Exclu. Bourita: "L'arrêt de la CJUE ne remet pas en cause notre capacité à conclure des accords au Sahara"
Publié leL’accord de pêche conclu entre le Maroc et l’UE n’est pas applicable aux eaux adjacentes de la région du Sahara, a estimé ce mardi la Cour de justice de l’UE (CJUE). Dans cet entretien à H24info, le ministre des Affaires étrangères Nasser Bourita apporte des précisions et minimise l’impact de cette décision sur l’avenir des accords entre le Maroc et l’UE.
H24info: Quelles sont les conséquences de cette décision de la CJUE sur les accords agricoles ?
Nasser Bourita : Il faut savoir tout d’abord que l’arrêt d’aujourd’hui ne remet pas en cause la capacité juridique du Maroc à conclure les accords dans la région du Sahara, ni celle de l’UE bien évidemment. La Cour a été claire là-dessus: le Sahara n’est pas couvert parce qu’il n’a pas été mentionné. Deuxièmement c’est l’avocat général qui était allé trop loin en demandant à ce que l’accord soit invalidé, que le Maroc n’a aucun titre pour signer les accords, que le Polisario doit être consulté, etc. La Cour n’a pas suivi toutes les conclusions de l’avocat général et reste dans la logique des accords agricoles et de sa décision de décembre 2016. Aujourd’hui, c’est le même jugement. La Cour affirme que le champ de l’application de l’accord est défini par l’accord lui-même. Cet accord utilise dans trois de ses articles des expressions comme « zone de pêche marocaine », « sous la souveraineté du Maroc » ou « le territoire du royaume du Maroc ». La Cour, certainement parce qu’elle estime que le territoire est contesté, n’inclut pas implicitement le Sahara quand elle parle de territoire marocain. C’est le même raisonnement que pour les accords agricoles. Nous ne sommes pas d’accord avec ce raisonnement parce que le Maroc n’a qu’un seul territoire et parle avec une posture de souveraineté. Le Maroc est très clair là-dessus: le Sahara ne sera jamais mentionné dans les accords comme étant un territoire ou un régime juridique séparé du reste du royaume. Cela sera mentionné en étendant le régime de l’accord à cette zone tout simplement.

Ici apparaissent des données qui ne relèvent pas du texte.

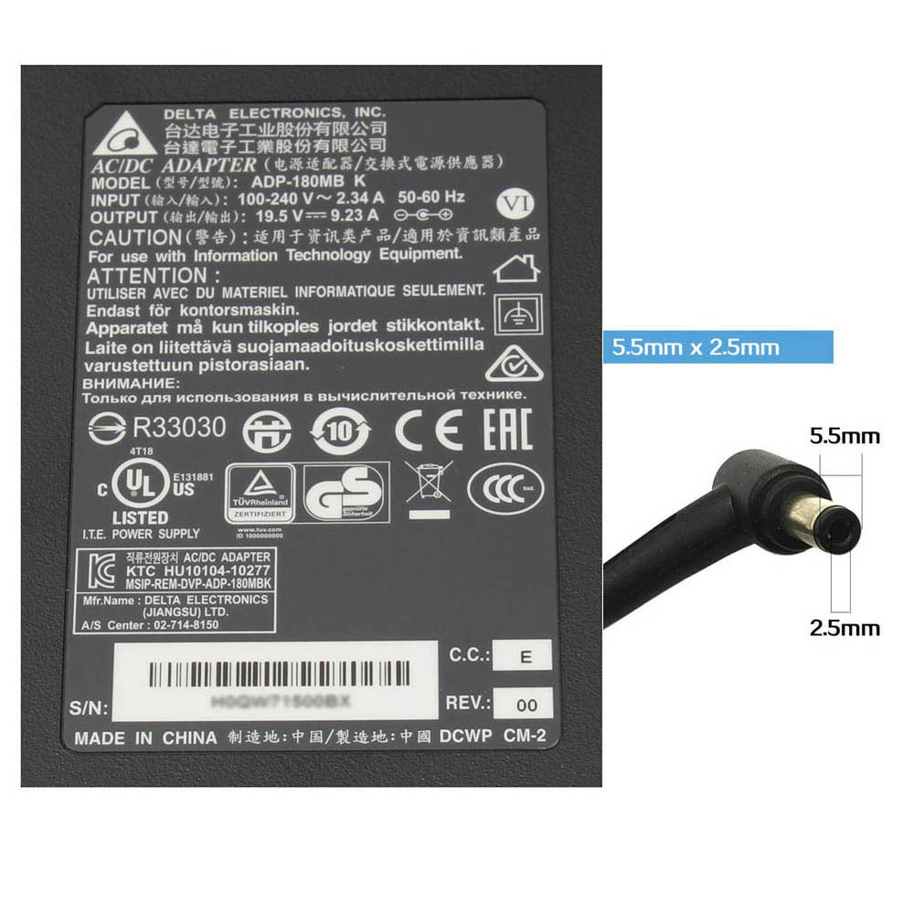 19.5V 9.23A 180W Medion 5.5mm 2.5mm AC Adapter Charger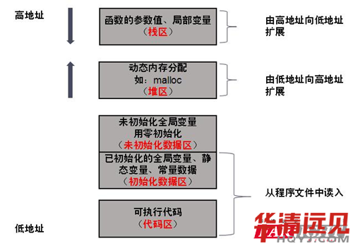 如圖所示:C程序中,棧區主要存儲函數的參數,局部變量等,并且棧底為高地址,棧頂為低地址(如圖:由高地址向低地址擴展)。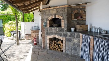 Draußen ist die Aussicht unglaublich, und der gepflegte Garten der Villa ist mit Obstbäumen geschmückt, während der Infinity-Pool, Liegestühle, Tischtennisplatte und Außendusche diesen Raum vervollständigen. Eine Terrasse bietet zusätzliche Sitz- und Essbereich im Freien, die natürlich durch die Außenküche, den Grill und den Holz-Brennofen schön und schön ergänzt werden. Deren Benutzung des Pizzaofens sollte idealerweise nur unter Aufsicht des Pizzakochs erfolgen.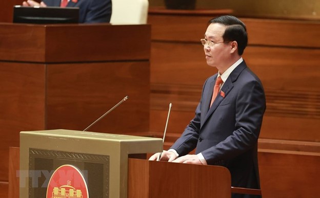 Chủ tịch nước Võ Văn Thưởng phát biểu nhậm chức. (Ảnh: TTXVN)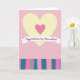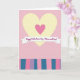 This greeting card features a large pale yellow heart near the top, with a smaller fuchsia-pink heart tucked inside it, like a simple hug in picture form 🥰. The background is light pink with subtle horizontal lines that give it a gentle textured look. Across the middle, a white ribbon banner stretches from side to side. On the banner, the words “Happy Valentine’s Day Mom and Dad” appear in smooth, flowing white lettering that looks like neat cursive and sits centered on the ribbon. Below the banner, the bottom section is filled with vertical stripes in deep teal, fuchsia, soft lavender, and light pink. The mix of soft hearts above and strong stripes below makes the design feel loving but not too sugary. It’s a meaningful card to give because it clearly shows care and appreciation for both parents in one warm message ❤️.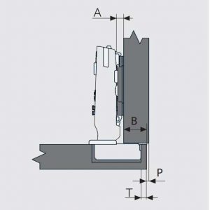 - Oheisessa kuvassa mitta P kuvastaa kaapin oven ja rungon välistä mittaeroa

Après cette décision de la Cour et celle de la Haute Cour d’Afrique du Sud concernant la cargaison de phosphate marocain et favorable au Polisario, l’offensive des séparatistes devient alarmante. Qu’en pensez-vous?
Avec une logique macro, dans un premier temps le Polisario cherchait les reconnaissances des pays pour se faire un socle de soutiens large. Ensuite, ils se sont attaqués aux droits de l’Homme pendant une longue période pour élargir soi-disant le mandat (de la Minurso, ndlr.) mais cela n’a abouti à rien. Puis, les ressources naturelles, et maintenant ils sont partis sur la piste de la « juridisation » en voulant remettre en question la capacité juridique à signer des accords et décrocher un statut. Aujourd’hui, le Maroc et l’UE sont en train de régulariser leurs accords agricoles, le Polisario dit que la Commission (Maroc-UE) n’est pas transparente et qu’elle défie la Cour. L’accord agricole est en cours, il a été renforcé le 31 janvier dernier. L’accord de pêche est maintenu jusqu’au mois de juillet, et d’ici là, des négociations seront menées sur la base d’éléments importants: le Maroc ne négocie jamais en divisant ses territoires, le Maroc négocie en tenant compte de son plan de développement dans ses provinces du Sud dont la question de la pêche est fondamentale.
Aujourd’hui, il s’avère nécessaire de travailler davantage sur le Lobbying, pour défendre les intérêts du Maroc dans l’affaire du Sahara. Êtes-vous de cet avis?
L’affaire du Sahara ne se joue pas seulement au niveau gouvernemental, c’est une affaire de médias, de société civile… Je vais vous dire une chose qui rentre dans votre domaine: le 19 février le Conseil européen à réuni les ministres des Affaires étrangères (pour voter le nouveau mandat de la Commission pour négocier un nouvel accord de pêche avec le Maroc, ndlr.), l’Algérie et le Polisario ont bougé pour inciter les États à voter contre, finalement le Conseil l’a approuvé à 27 contre 1. Aucun média n’en a parlé en Algérie, chez nous avant même l’annonce des résultats, certains commentateurs parlaient déjà de gifle, etc. Cela ne veut pas dire que c’est mauvais, car heureusement nous avons une certaine liberté et que nos médias ne travaillent pas suivant des instructions. Mais de là à reprendre parfois les versions du Polisario comme lorsque le Front parlait d’une victoire dans le Conseil de paix et de sécurité (de l’Union Africaine) alors qu’il s’agissait d’un mensonge… C’est une guerre des mots je vous dis.